HPRMAT: A high-performance R-matrix solver with GPU acceleration for coupled-channel problems in nuclear physics
Jin Lei
TL;DR
HPRMAT addresses the computational bottleneck in R-matrix coupled-channel scattering by replacing legacy inversion with direct LU solving across four backends, including GPU-accelerated and mixed-precision options. The library preserves compatibility with Descouvemont’s interface while achieving up to 9× CPU speedups and 18× over legacy codes for matrices of size up to $N = n_{\rm ch} \times n_{\rm lag} \approx 25600$, and maintains cross-section accuracy better than $10^{-5}$ relative.
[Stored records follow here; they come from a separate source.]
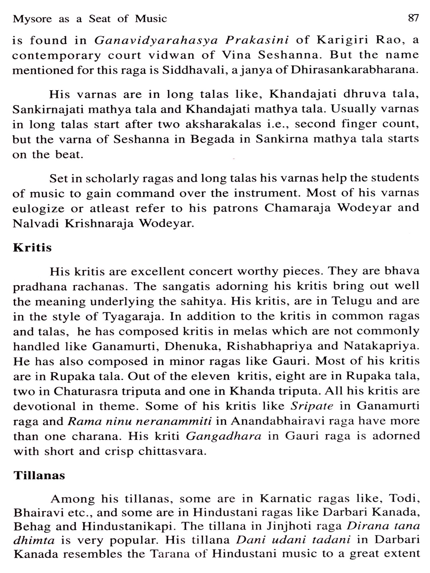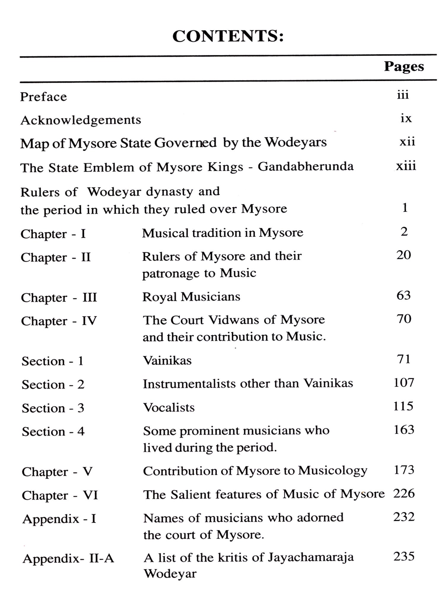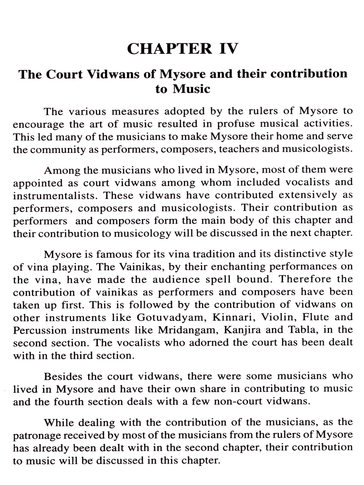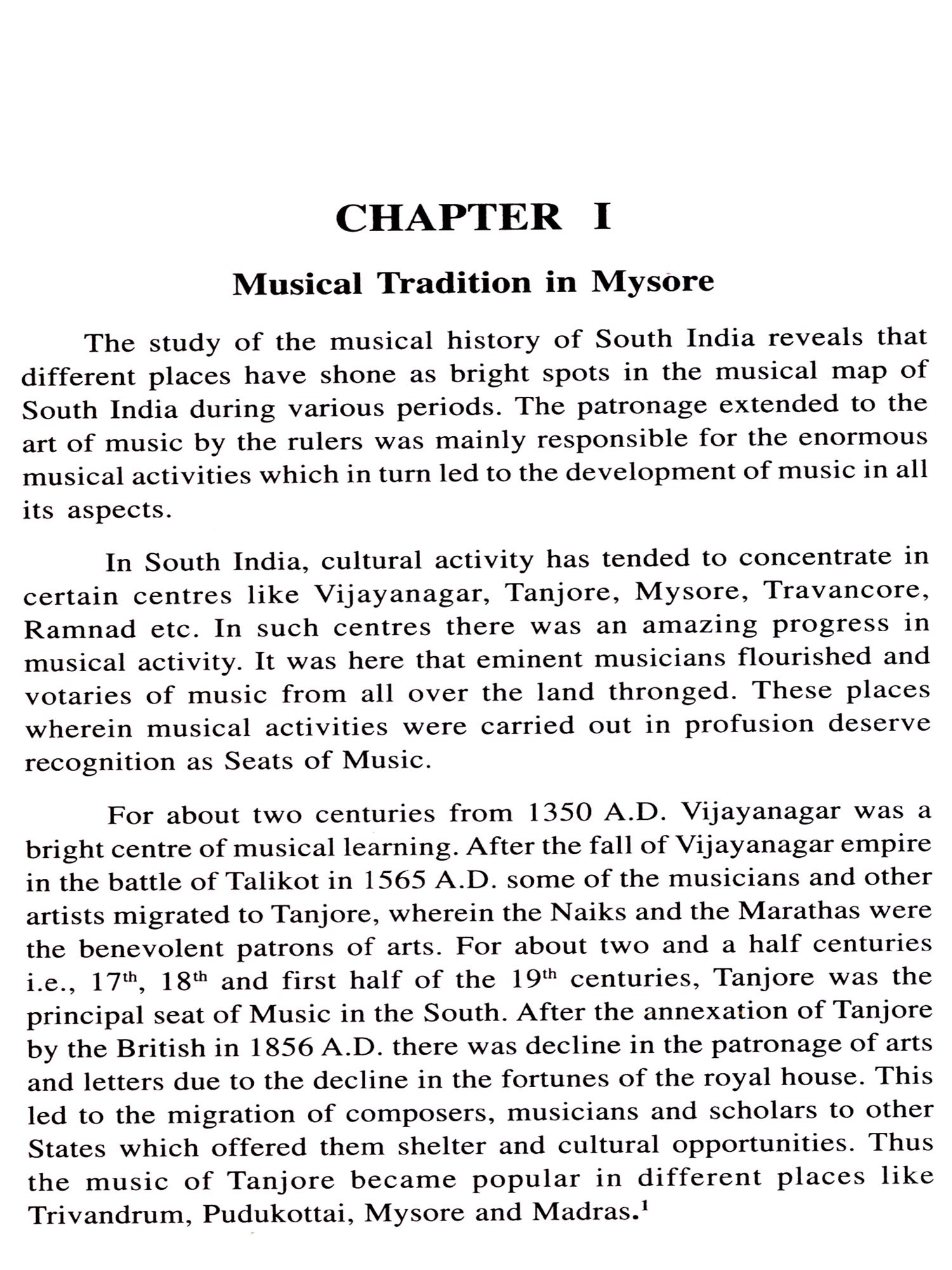 The aim of this work is ultimately to make an assessment of the contribution of Mysore to the development of classical music during the last one and a half centuries of Wodeyar rule. A few articles and books which provide some information on the composers and musicians of this period are available. As for the lakshana granthas of this period, very few articles are in print which deal with them and moreover, their scope is limited to specific topics. So far, no comprehensive study has been made of the contribution of Mysore to music, both in its theoretical and practical aspects, in the period under consideration. The information already available had to be amplified by unearthing hitherto unknown facts in order to get a complete picture of the musical activity that took place during this period. This study has revealed the existence of many composers and musicians hitherto not known and there are others whose names are known, but whose exact contribution to music has not been identified.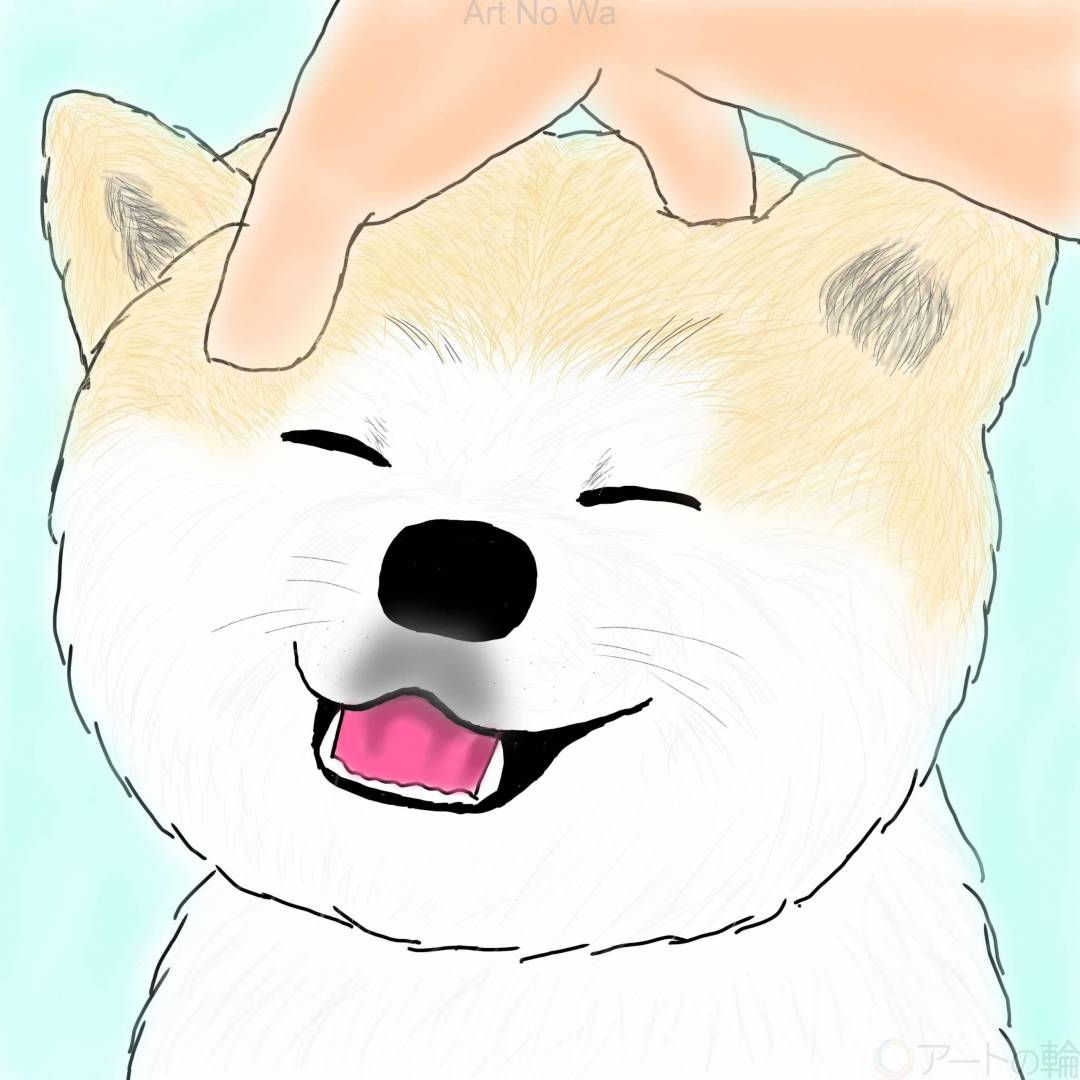 飼い主さんに頭を撫でてもらって嬉しい秋田犬を描きました。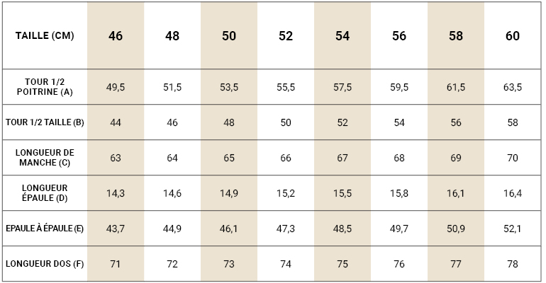 taille 50 veste costume correspondance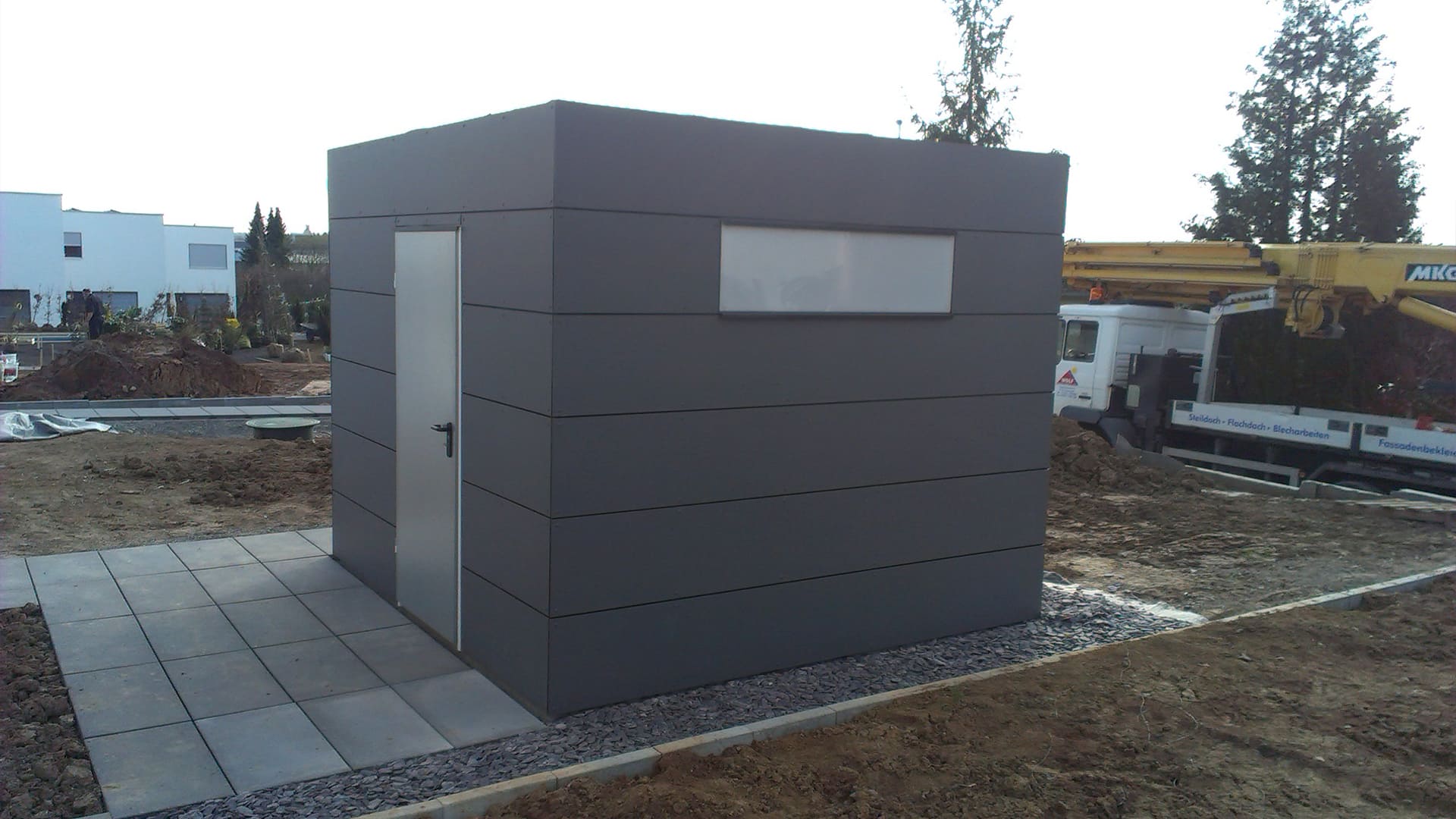 Die Gartenhäuser werden nach Ihren individuellen Wünschen in unserem Betrieb vorgefertigt, um Sie später mit unserem hauseigenen Kran an Ihren gewünschten Ort aufzustellen.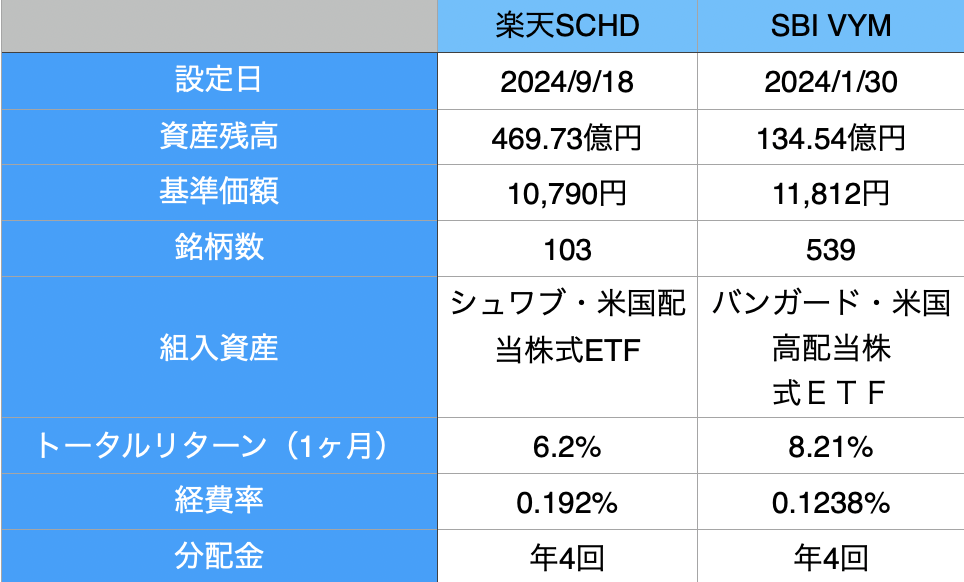 「楽天SCHD」 vs 「SBI VYM」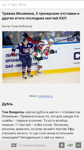 - Текстовые онлайн трансляции матчей, календарь чемпионата и турнирные таблицы дивизиона, конференции и плей-офф: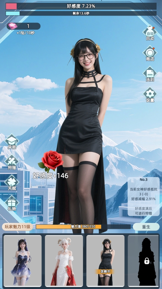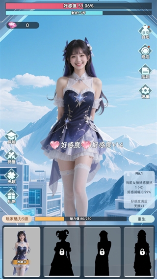 2、好感度系统:通过互动、送礼或完成特定任务提升女神好感度,解锁专属剧情或能力加成。

The mixed-precision approach leverages the FP32:FP64 throughput advantage on consumer GPUs to factorize in $FP32$ with iterative refinement to $FP64$ accuracy, broadening accessibility to desktop workstations. Validation against Descouvemont’s reference code across multiple test cases confirms both numerical reliability and physical fidelity, enabling large-scale CDCC and coupled-channel calculations without expensive data-center resources. $N$ indicates the total system dimension $N = n_{\rm ch} \times n_{\rm lag}$, and cross sections remain accurate within the required nuclear-physics tolerances.$
Abstract
I present HPRMAT, a high-performance solver library for the linear systems arising in R-matrix coupled-channel scattering calculations in nuclear physics. Designed as a drop-in replacement for the linear algebra routines in existing R-matrix codes, HPRMAT employs direct linear equation solving with optimized libraries instead of traditional matrix inversion, achieving significant performance improvements. The package provides four solver backends: (1) double-precision LU factorization, (2) mixed-precision arithmetic with iterative refinement, (3) a Woodbury formula approach exploiting the kinetic-coupling matrix structure, and (4) GPU acceleration. Benchmark calculations demonstrate that the GPU solver achieves up to 9$\times$ speedup over optimized CPU direct solvers, and 18$\times$ over legacy inversion-based codes, for large matrices ($N=25600$). The mixed-precision strategy is particularly effective on consumer GPUs (e.g., NVIDIA RTX 3090/4090), where single-precision throughput exceeds double-precision by a factor of 64:1; by performing factorization in single precision with iterative refinement, HPRMAT overcomes the poor FP64 performance of consumer hardware while maintaining double-precision accuracy. This makes large-scale CDCC and coupled-channel calculations accessible to researchers using standard desktop workstations, without requiring expensive data-center GPUs. CPU-only solvers provide 5--7$\times$ speedup through optimized libraries and algorithmic improvements. All solvers maintain physics accuracy with relative errors below $10^{-5}$ in cross-section calculations, validated against Descouvemont's reference code (Comput.\ Phys.\ Commun.\ 200, 199--219 (2016)). HPRMAT provides interfaces for Fortran, C, Python, and Julia.